* TASK TO COMPLETE *
Any picture in the range stays out of the copy; retype exactly the lines from the one with "尼斯Nice華燈初上的尼斯港" to the end of the listing.

* THE DATA *
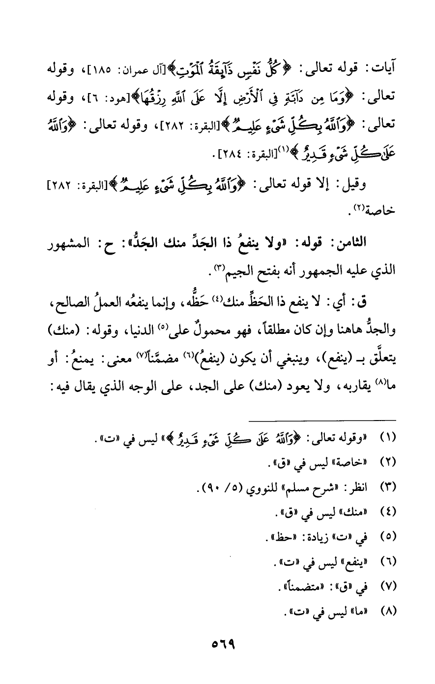 (¬1) "وقوله تعالى: {وَاللَّهُ عَلَى كُلِّ شَيْءٍ قَدِيرٌ} " ليس في "ت".
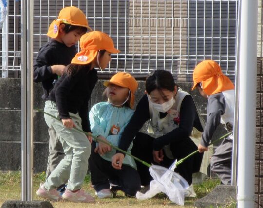 柔らかな日差しが降り注ぐ、秋のひとときを、園庭に出て、思い思いに遊ぶ子どもたち。
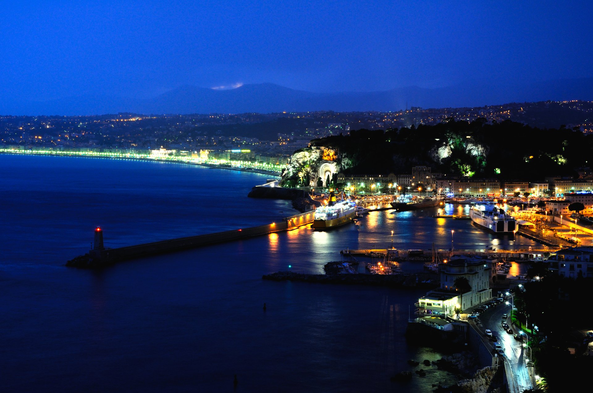 尼斯Nice華燈初上的尼斯港口有點少人,不過遠方最亮處的"英國人大道",卻熱鬧非凡。
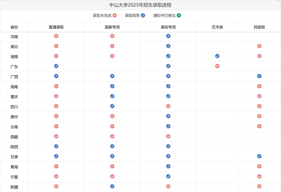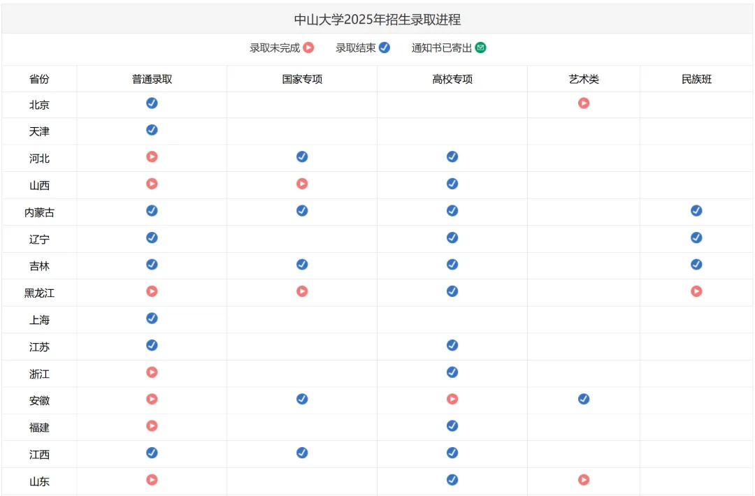 北京、甘肃、广东、广西、吉林、江苏、江西、辽宁、陕西、上海、天津等省份已经完成普通批录取和新生数据导入工作,部分省份的国家专项、高校专项、民族班等类型也已经完成录取工作,请考生查看以下中大本科招生网的录取进程页面。

* OUTPUT FOR THIS TASK *
 尼斯Nice華燈初上的尼斯港口有點少人,不過遠方最亮處的"英國人大道",卻熱鬧非凡。
 北京、甘肃、广东、广西、吉林、江苏、江西、辽宁、陕西、上海、天津等省份已经完成普通批录取和新生数据导入工作,部分省份的国家专项、高校专项、民族班等类型也已经完成录取工作,请考生查看以下中大本科招生网的录取进程页面。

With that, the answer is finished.